What an excellent concept for an album. The modern jazz trio headed by veteran drummer Jerry Granelli pays tribute to two of the greats of the mid-20th Century, Vince Guaraldi and Mose Allison. Both of them popularized jazz, the blues, and the piano in their own very unique ways, and Granelli played with both of them back in the day.
Guaraldi, of course, was the genius composer and pianist behind the singular soundtracks to the Peanuts holiday television specials, starting with A Charlie Brown Christmas in 1963. And Mose Allison was another genius, as a composer, writer and pianist whose wry and edgy lyrics and deceptively simple playing pushed the blues in new directions.
Granelli played as a young man with Guaraldi through those early “Peanuts” years, his brush work playing a key role in the subtlety and grace of those signature tunes. He left Guaraldi’s trio in 1965, played with Charlie Haden in the Denny Zeitlin trio for several years, and went on to play with the likes of Pat Metheny, Bill Frisell, Lee Konitz, Kenny Garrett, Ralph Towner, Jay Clayton, Gary Peacock and countless others. He signed on with Allison in the 1970s in time to record Mose’s signature album Your Mind is on Vacation. The two were lifelong friends and worked together on and off until Allison’s death in 2016.
So even though Guaraldi and Allison kind of came at mid-century jazz from different angles, a pairing of their music by this trio is natural and organic. Granelli has made a point of not looking back throughout his career, but now felt that he wanted to revisit some of the extraordinary compositions by his two early collaborators with his current bandmates, pianist Jamie Saft and bassist Bradley Christopher Jones.
The album is bookended by two of the compositions for which Guaraldi is best known. Opener “Cast Your Fate To The Wind” was Vince’s first hit and got him the Peanuts job. Granelli’s trio gives is a stately, almost classical treatment.
And the closer is “Christmas Time Is Here,” with Granelli echoing his delicate brushwork behind Saft’s elegant melodic exploration and Jones’s no-nonsense bass. The other Guaraldi piece comes midway – his bossa-influenced “Star Song,” which Granelli says was a favorite of Miles Davis, and I can see why. It’s a showcase for Guaraldi’s expertise with a memorable melody.
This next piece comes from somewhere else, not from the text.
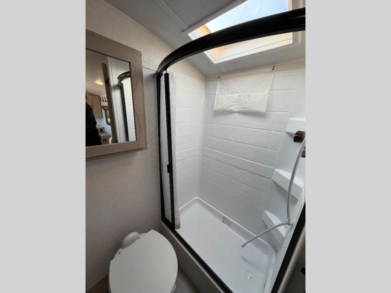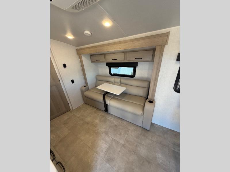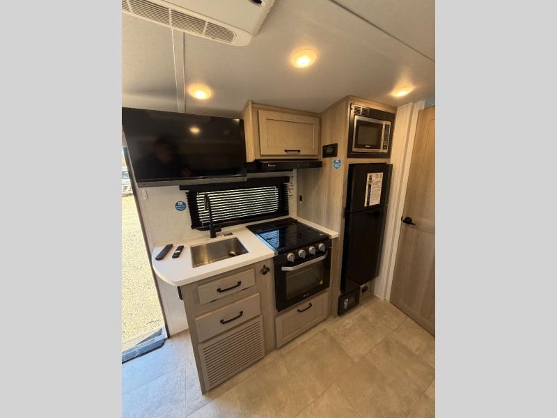 This travel trailer will feel more like home with its front bedroom and walk-around full-size bed. You'll enjoy the 32" 12V TV as you relax on the 72" sofa with a table and cupholders. The full rear bath includes a spacious shower to clean up in each day and there is a linen closet for clean towels. When you're ready to prepare dinner you'll have a three burner cooktop and microwave oven indoors, and a griddle outdoors! And don't forget the exterior storage allows you to bring along beach toys and tackle boxes. The optional Power Package available on this model includes three 200W solar panels, a side solar plug-in, a 3kW 160A inverter, and more off-grid features!

The rest of the album is a muscular homage to Allison, centered on his pithy putdown song “Your Mind Is On Vacation.” Besides two sturdy prelude pieces to it that stand on their own and showcase the interplay of Jones’s bass with Granelli’s intricate brushwork, there’s a flashy post-bop interpretation of the song itself. “Everybody’s Cryin’ Mercy” is a slow-burning blues that loses none of Allison’s stinging satire thanks to Saft’s over-the-top lyricism and Jones’s practically weeping bass. Probably the most recognizable of Allison’s tunes here is the primal and soulful “Parchman Farm,” although astute fans of The Who might hear something familiar in the album’s clever arrangement of “Young Man Blues,”an Allison song covered by those mods back in the day. This trio’s arrangement gives the “call” part of this call-and-response blues to Jones’s arco bass, while Saft wrings all he can out of the melodic response usually played by guitar, and Granelli gives up nothing to Keith Moon in terms of raw power but outplays him by a mile in technical terms.
The Jerry Granelli Trio Plays Vince Guaraldi and Mose Allison is a great tribute album that stands on its own, rooted in the blues but always modern and forward looking. The hardest part is picking a favorite track. The easiest is listening to it again.